Since it’s the last week of the Tour de France it’s time for some cycling stories containing alcohol. Many media broadcasted a lot on drugs in cycling, but for a long time alcohol was the only real performance booster in the peloton. The earliest, most heroic Tours were won with the help of wine and beer. Therefor it’s time for the most amazing alcohol related stories in cycling.
The party animal
Peter Sagan (23) nowadays is considered to be one of the big names in the peloton. With 2nd places in the classic rides Milano-San Remo and the Tour of Flanders (both 2013) he just missed the highest stand on the podium. Well not last winter, when he crushed the competition at the island of Curacao. The Amstel Curacao Race (only 80 km long) there is just an excuse for the peloton to have a holiday in the Carribean. Traditionally a drinking contest between the riders is part of the program. The then only 22-year old Slovakian outdrunk all of his colleagues and set his supremacy as biggest drinker of the peloton. Add this to the fact that he has a reputation of pinching the behinds of the misses on the podium and other clownish behavior and you’ll understand why he is the party animal in modern cycling.

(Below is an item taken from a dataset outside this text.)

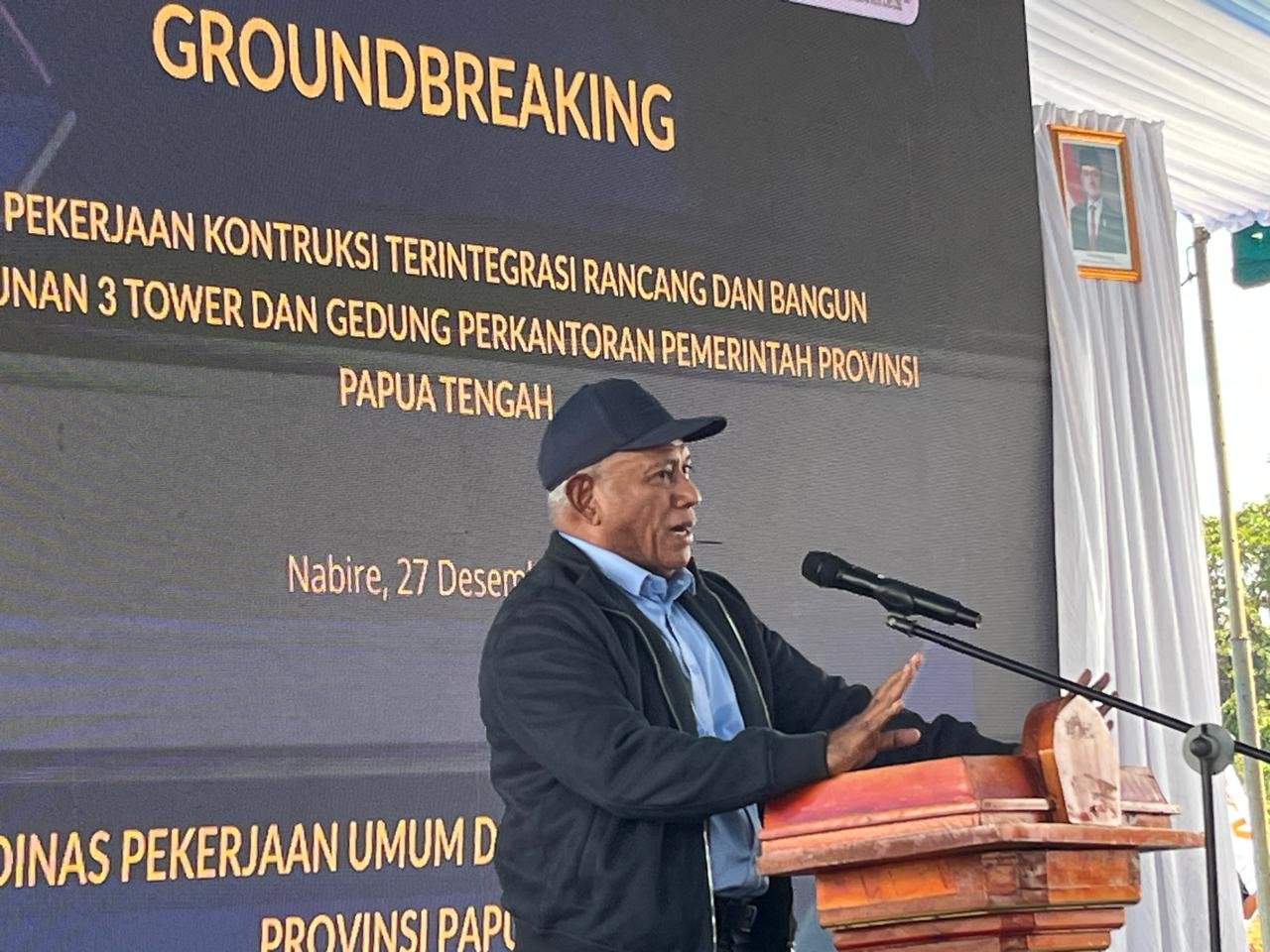 Pernyataan itu disampaikan usai menghadiri peletakan batu pertama pembangunan kawasan perkantoran Pusat Pemerintahan (Puspem) Karadiri II, Distrik Wanggar, Kabupaten Nabire, Sabtu (27/12/2025).

Another cyclist aspiring that title is Englishman Bradley Wiggins. Winner of the Tour de France 2012, as well as 4 Olympic gold medals. He is the son of track cyclist and known alcoholic Gary Wiggins, who died in 2008. The saying ‘like father, like son’ is really at his place here since Wiggins Junior soon showed his skills in both cycling and drinking. After winning 3 medals in the Olympic Games of Athens 2004 he drowned himself in liquor. Each day he started drinking pints of beer at the pub at 11 am. In the evening he switched to wine bottles at home. Wiggo showed the same pattern after other successes, but never totally lost it. After his Olympic gold medal in London 2012 he once again got absolutely hammered for several days, good lad!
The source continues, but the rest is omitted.